Oh dang. I estimated tens of thousands. I was off by an order of magnitude and I was the one trying to defend this contract to HackerNews. Lol. Yeah, DISA is freaking huge. We're doing some work for them right now and the scope is massive.
Speaking of which... if any of you have a Secret clearance and want a job... :)
Out of curiosity, if you have a Secret clearance and it expires after 10 years where does that place you on the scale from never having a clearance 0 to having an active clearance 10.
Your Secret clearance now expires sometimes within a matter of months of being off a contract or out of a job that requires it. OPM is cleaning up the clearances, and revoking millions of them. I've had employees go from active TS to "eligible" status (which mean no clearance) in a matter of a few weeks after their contract ended.
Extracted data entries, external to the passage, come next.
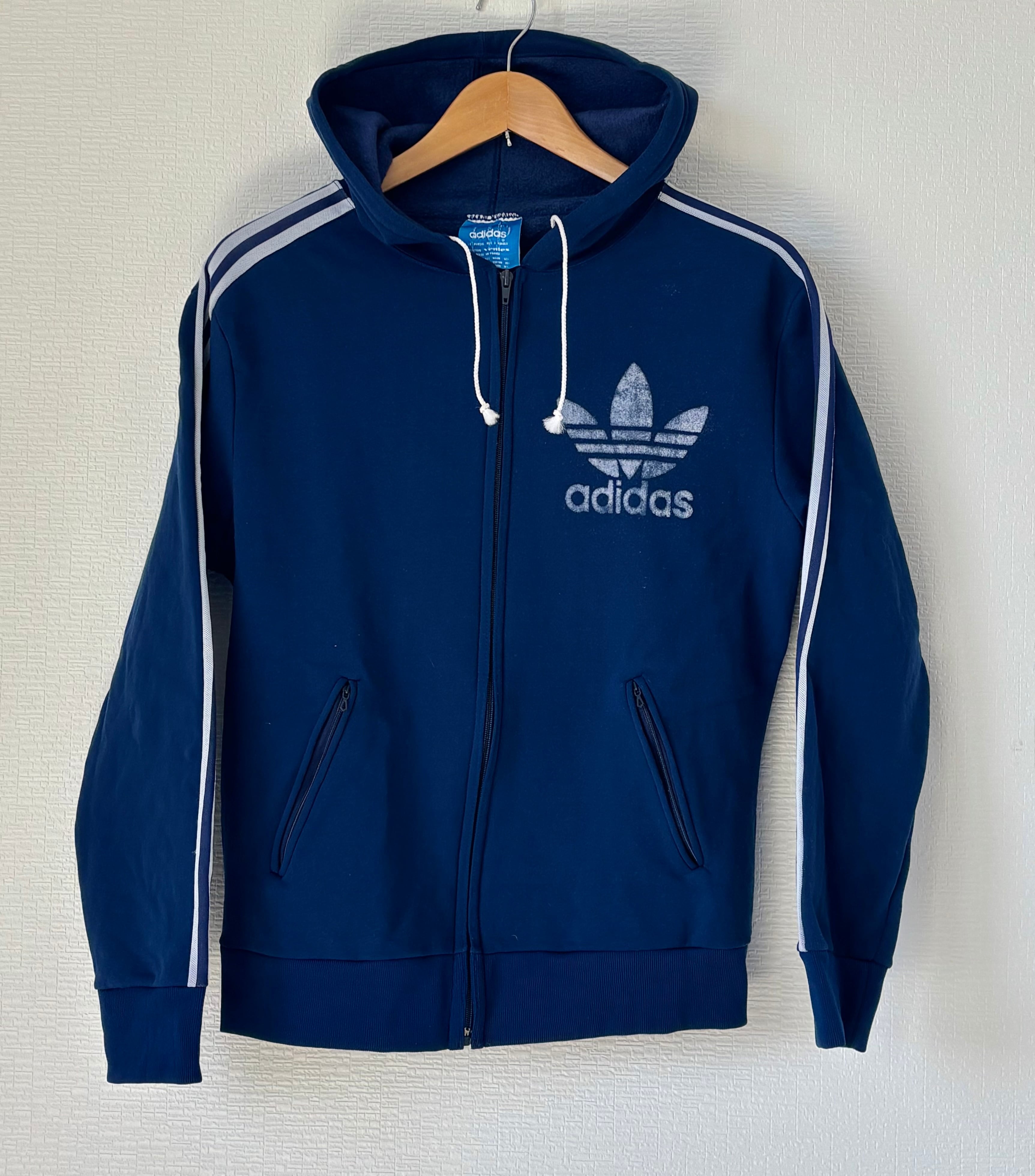 1972年から1995年までアディダスの正式ロゴとして使用されていた、トレフォイルロゴのパーカー。
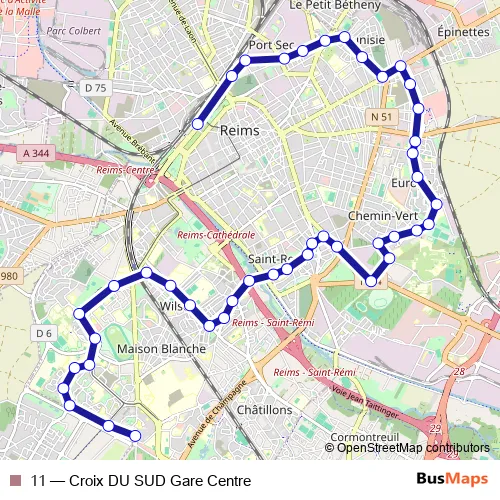 Bus 11 - Croix DU SUD Gare Centre: Full Schedule in Reims
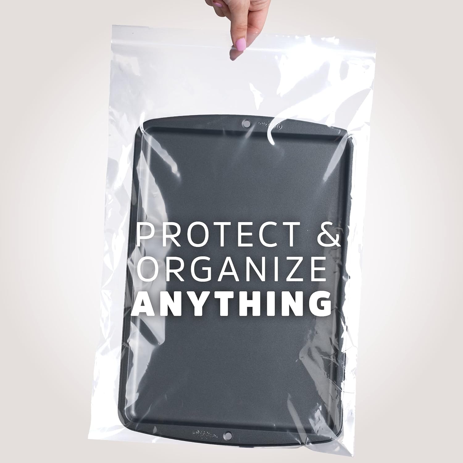 GPI Pack of 500, 14" X 20" Clear Plastic Reclosable Zip Bags - Bulk 2 Mil Thick Strong & Durable Poly Baggies with Resealable Zip Top Lock for Travel, Storage, Packaging & Shipping
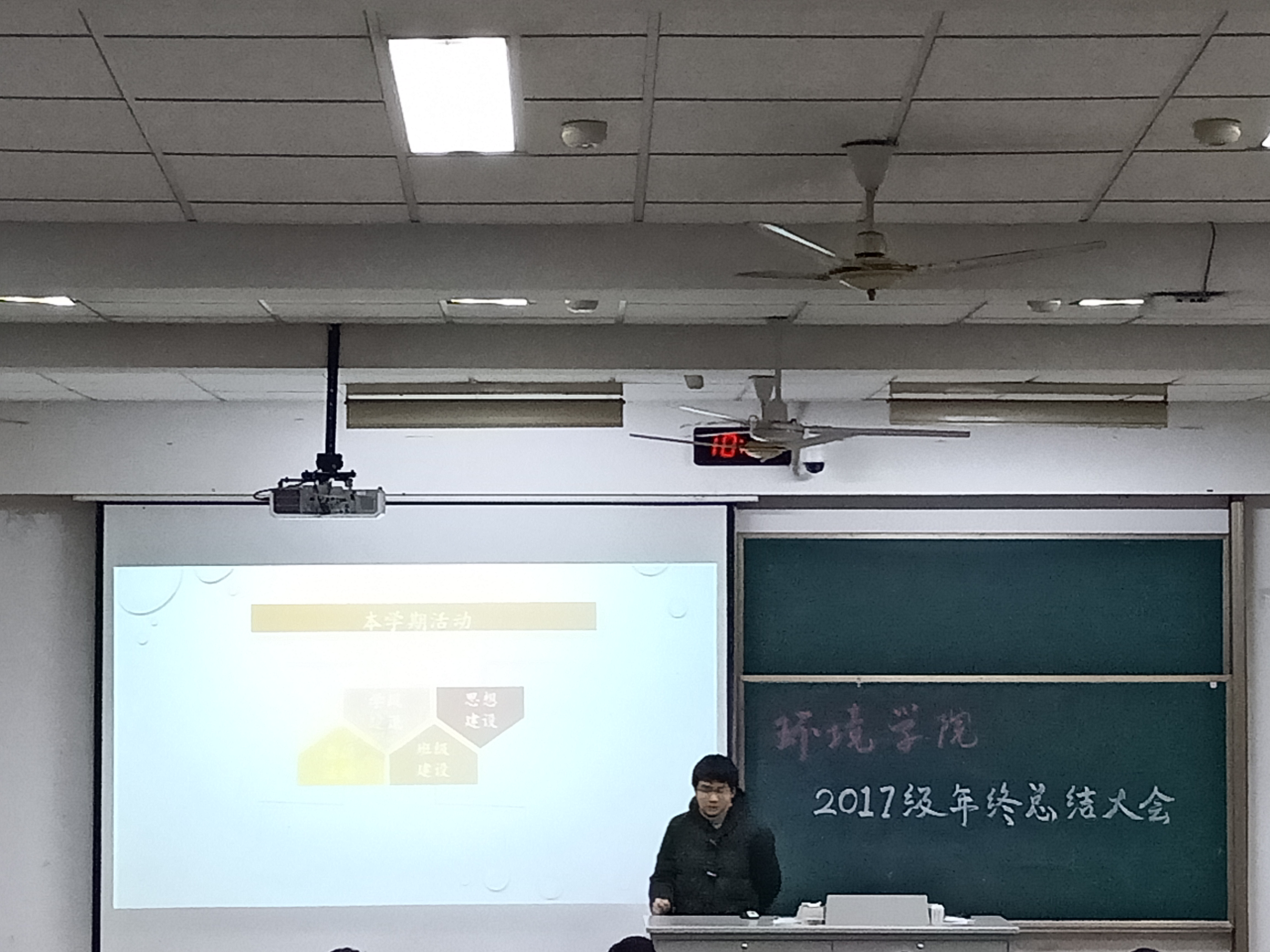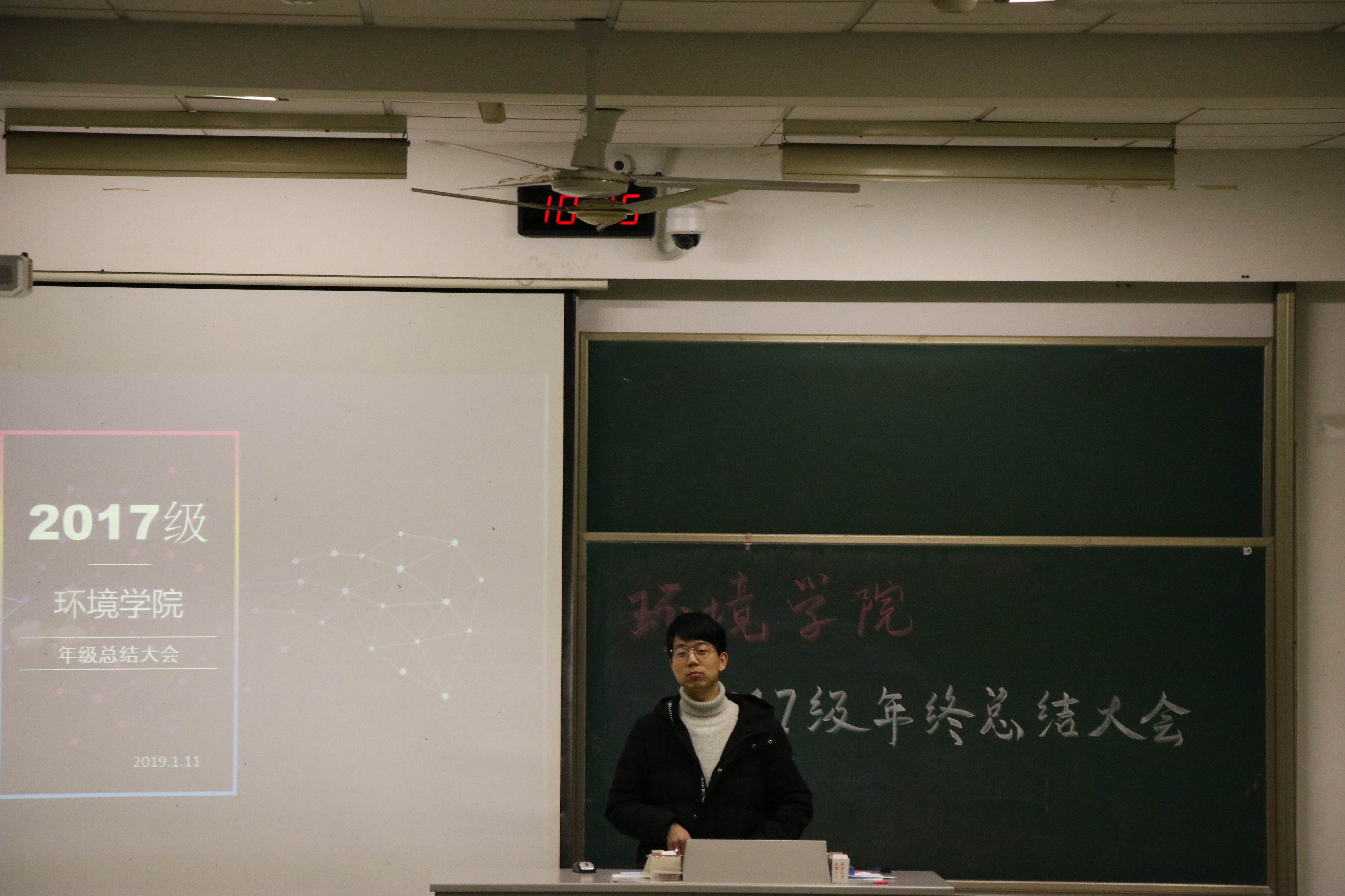 2019年1月11日星期五8x8x 17级学生于致高B111教室进行本年度年级总结大会。大会旨在各班总结一个学期的得失,对未来展望,以得到更好的发展。
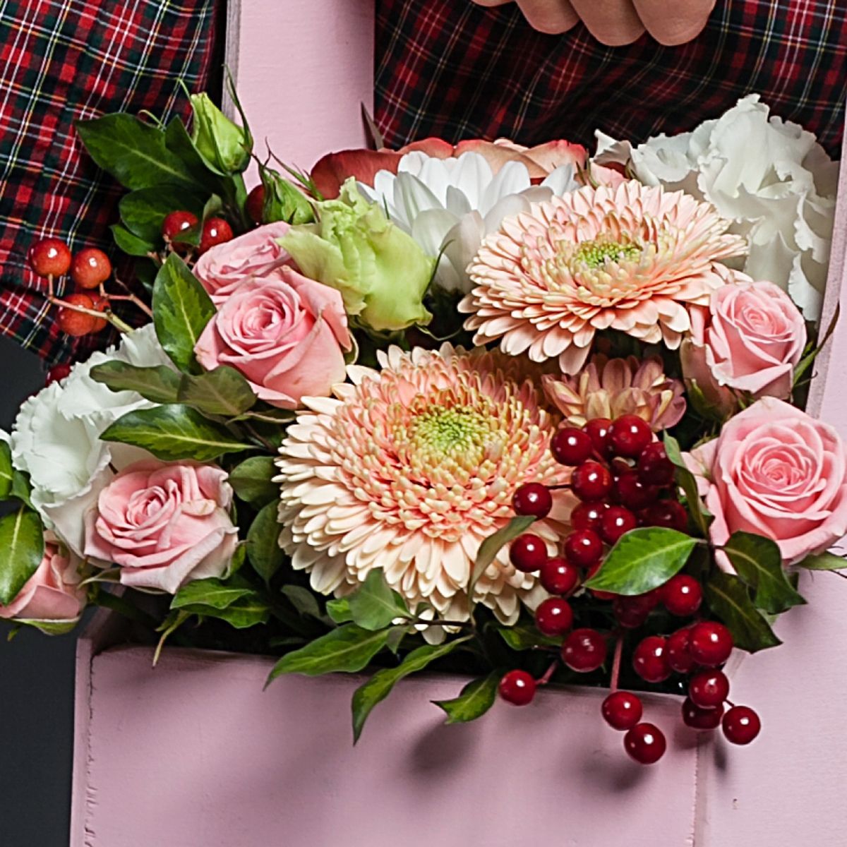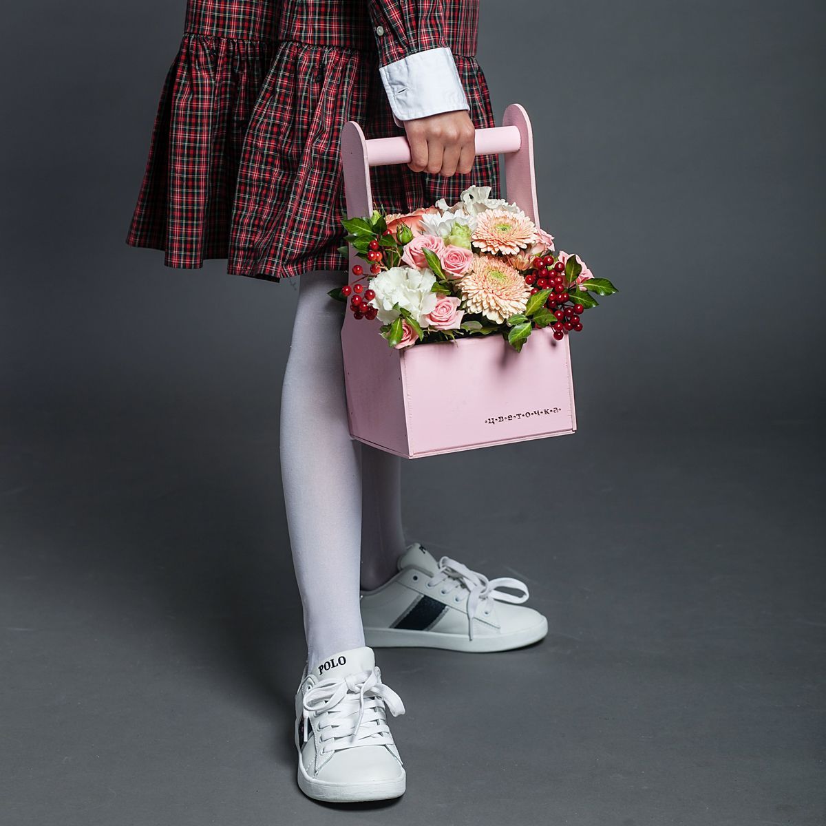 На 1 сентября не стоит выбирать для первоклассника огромные букеты, которые с трудом поднимает ребенок. Я рекомендую купить милую композицию небольшого размера из минигербер, кустовых роз, хризантем и эустомы в стильной розовой корзине. Пастельные оттенки цветов гармонируют с деревянной упаковкой и идеально подойдут в качестве подарка для классного руководителя. Оформите заказ на нашем сайте, и мы сразу же вам позвоним.
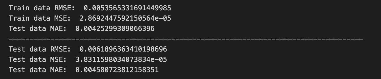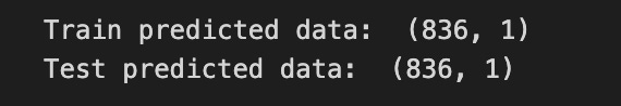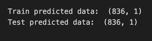 train_predict.shape, test_predict.shapeWe start with a single-line note that tells us our goal: run the model to make forecasts and then check how well those forecasts perform, like announcing we’re about to taste the dish after cooking. The first active line calls model.predict(X_train), which is like taking the recipe card (the trained model with its learned weights) and applying it to the training ingredients (X_train) to produce predicted outcomes; predict performs inference, the process of using learned parameters to generate outputs. The second line does the same on X_test, treating the unseen validation ingredients the same way to see how well the recipe generalizes beyond what it learned during training. Finally, the expression train_predict.shape, test_predict.shape asks each prediction array to report its dimensions — shape tells you the size and structure (for example, number of predicted time steps and output columns), much like checking the size of two baking trays before you try to combine them. That shape check is a small but crucial sanity check so subsequent steps — scoring errors, inverse-scaling, or plotting — won’t misalign arrays. Together, these lines move us from learning to actual forecasting and verification, the next steps being performance metrics that tell us whether our model can help forecast stock prices reliably.
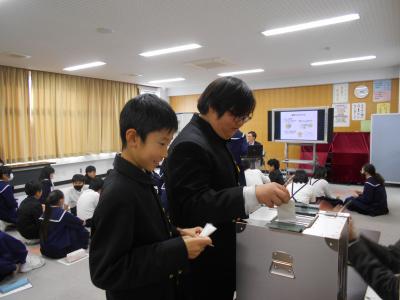 11月19日 津幡町の選挙管理委員会の方にお越しいただき模擬投票を体験しました。
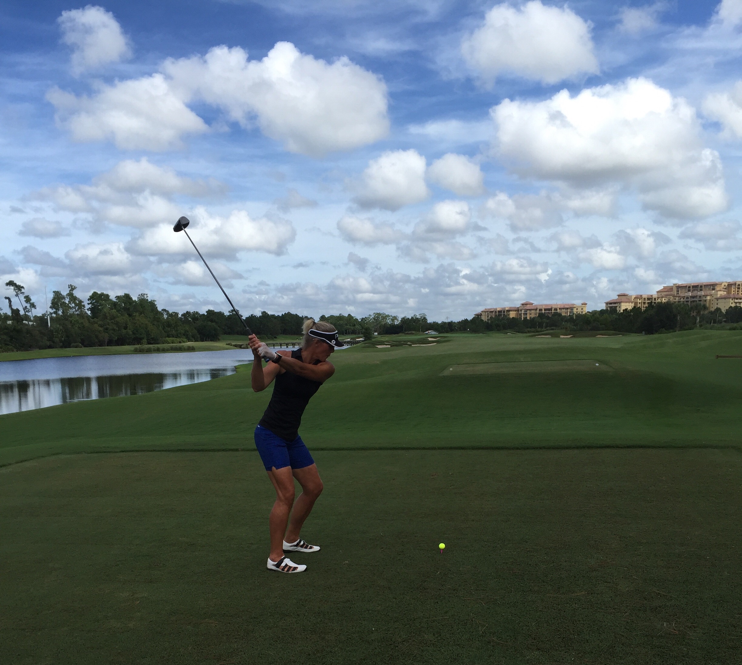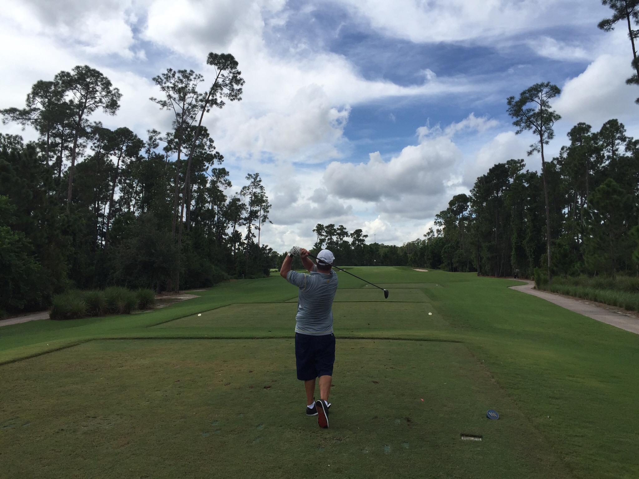 We had a later tee time today and were a bit worried how we would cope with the heat. It turned out to be quite overcast and breezy so although warm we mostly avoided the wrath of the sun. The facilities and staff at the Waldorf Astoria are pretty impressive. We had complimentary valet parking so that was a novelty. We were then welcomed to the practice facilities and then given a great briefing about the course. We got chatting to the Starter about being from NZ and he said that the guy giving a putting lesson on the putting green was none other than Lydia Ko’s putting coach, Mark Sweeney! Lydia is based in Orlando now and frequents the David Leadbetter Centre at Champions Gate Golf Course where we played the other day and comes to Waldorf Astoria to work on her putting.
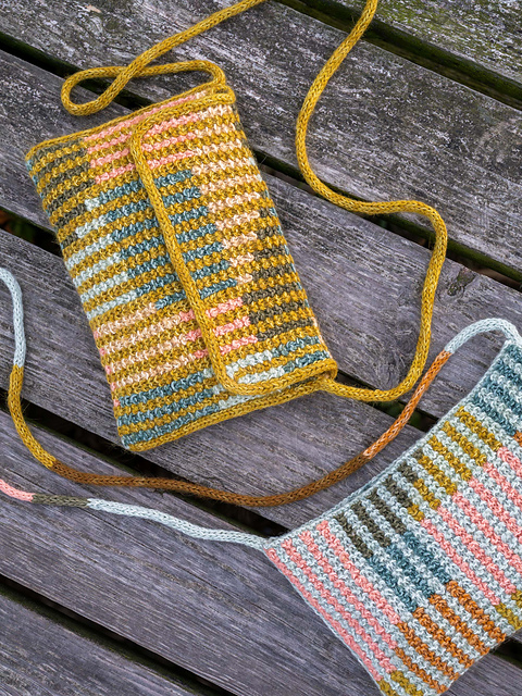 **Needles:** 3.75mm (US 5) circular needles for the bag body and 2.5mm (US 1.5) circular needles for the (I-cord) cast-off and strap.
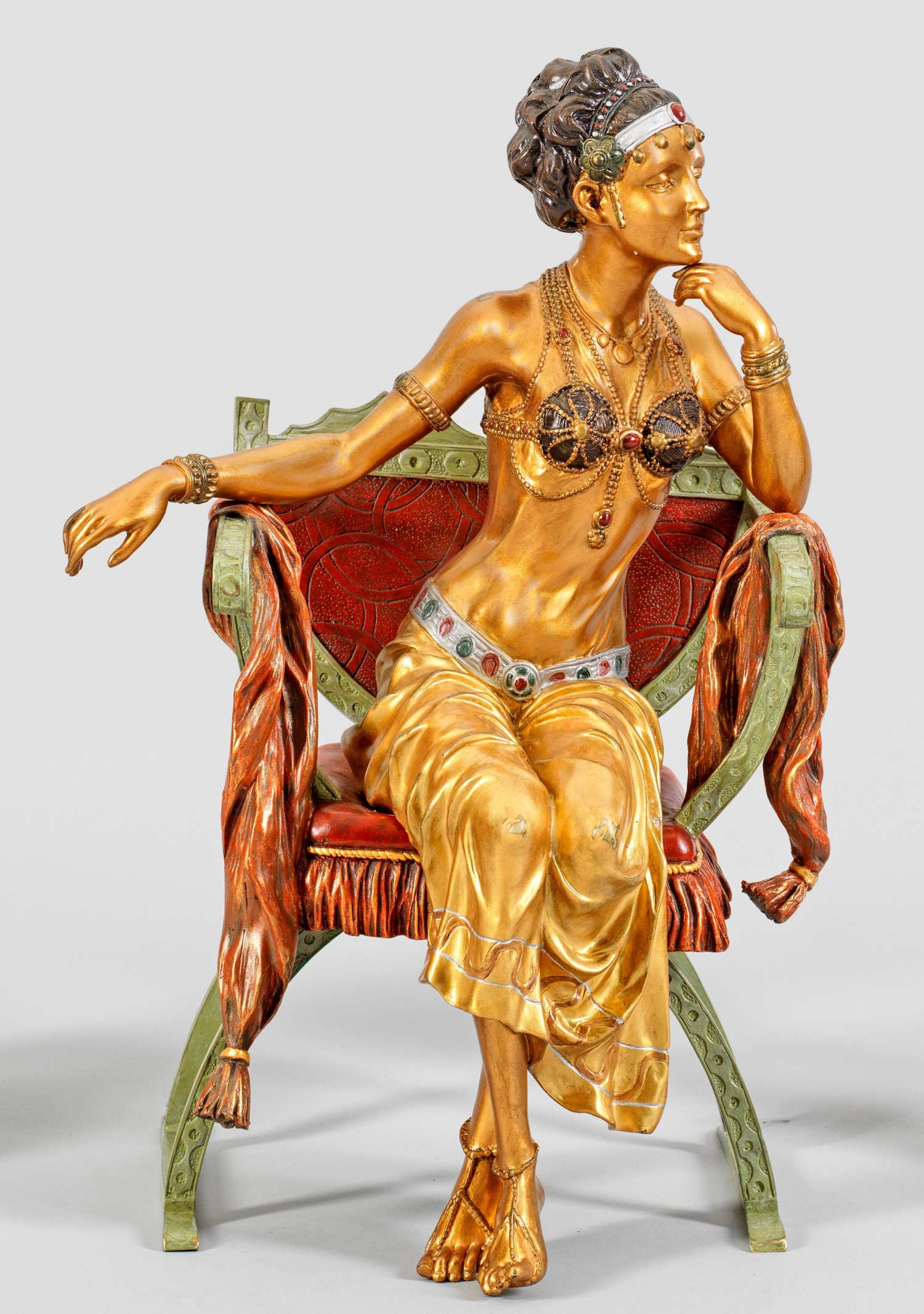 Bronze, polychrom bemalt. Gem.; In einem gepolsterten Armlehnstuhl sitzende junge Frau in sinnierender Pose. Große, vollplastische Figur in der Tradition der Wiener Bronzen. Bemalung partiell ber.; H. 46 cm.
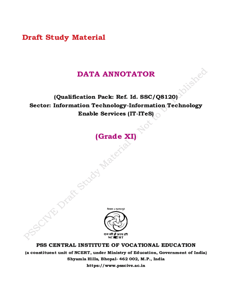 Draft Study MaterialDATA ANNOTATOR (Qualification Pack: Ref. Id. SSC/Q8120) Sector: Information TechnologyInformation Technology Enable Services (ITITeS)(Grade XI)PSS CENTRAL INSTITUTE OF VOCATIONAL
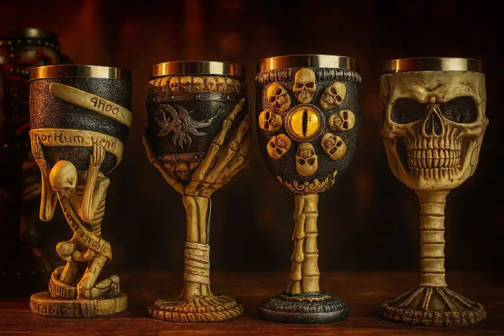 ✨🍷 Copas Decorativas de Colección 🍷✨ Dale un toque único y diferente a tu vitrina, bar o colección con estas espectaculares copas góticas decorativas 🖤💀. Diseñadas con detalles en calaveras, esqueletos y acabados realistas, ideales para los amantes de lo exclusivo, lo místico y lo coleccionable. ✅ Material resistente con interior en acero inoxidable 🥂 ✅ Diseños únicos y llamativos 🎨 ✅ Perfectas para regalar o decorar 🕯️ 🔥 ¡Un producto que atrapará todas las miradas y dará un estilo inigualable a tu colección!
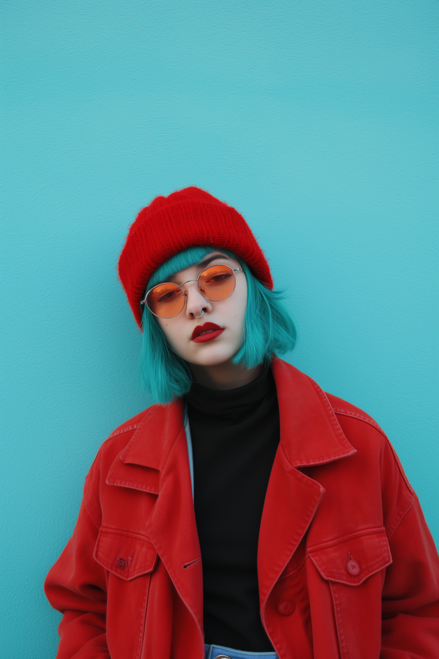 Stylish woman with teal hair and red outfit against a turquoise background, wearing orange sunglasses and a septum piercing.

That whole "10 year active period" is not true, at least anymore, unless you are in a position that requires the clearance for that whole period of time.
You're considered lucky to retain a clearance more than a month out of the service now, too. OPM is taking a tough stance on unused clearances and it has negatively impacted the job market for recently separated Veterans because the contracts that come out all require a pre-cleared workforce, which is a rapidly diminishing pool of people to pull from given that clearances are now being revoked as soon as someone gets out of the service or leaves their last position.
I don't recall what the actual text says, but when I became a security manager we were always told it was 10/5 years eligible.
But I've never even attempted to get a job that required a clearance after my ETS...
But I think the question being asked is not what you answered. I think he's wondering if his clearance eligibility expired last year, where does he stand in line for getting a job that requires a clearance?
Yeah, and having already had a clearance in the past definitely helps speed up the process to "reactivate" it. The big bummer for companies like mine is that our contract says that we have to have employees with an active clearance. So to activate the clearance, we have to hire them, keep them on overhead for several months and they can't start working until their clearance is approved.
frankydp is likely referring to the DISA Enterprise Email (DEE) service. It's, in my opinion, DISA's largest and most mature "cloud" service. And it serves all of DoD.
I have a Secret and am mid job-hunt. Working anywhere warm? :V Clearence has been verified as active as-of last month? I suppose they are keeping it due to my IRR status
Not to mention desktop/laptop OS, collaboration tools, web servers, forest/domain management at 800 sites in 70 countries.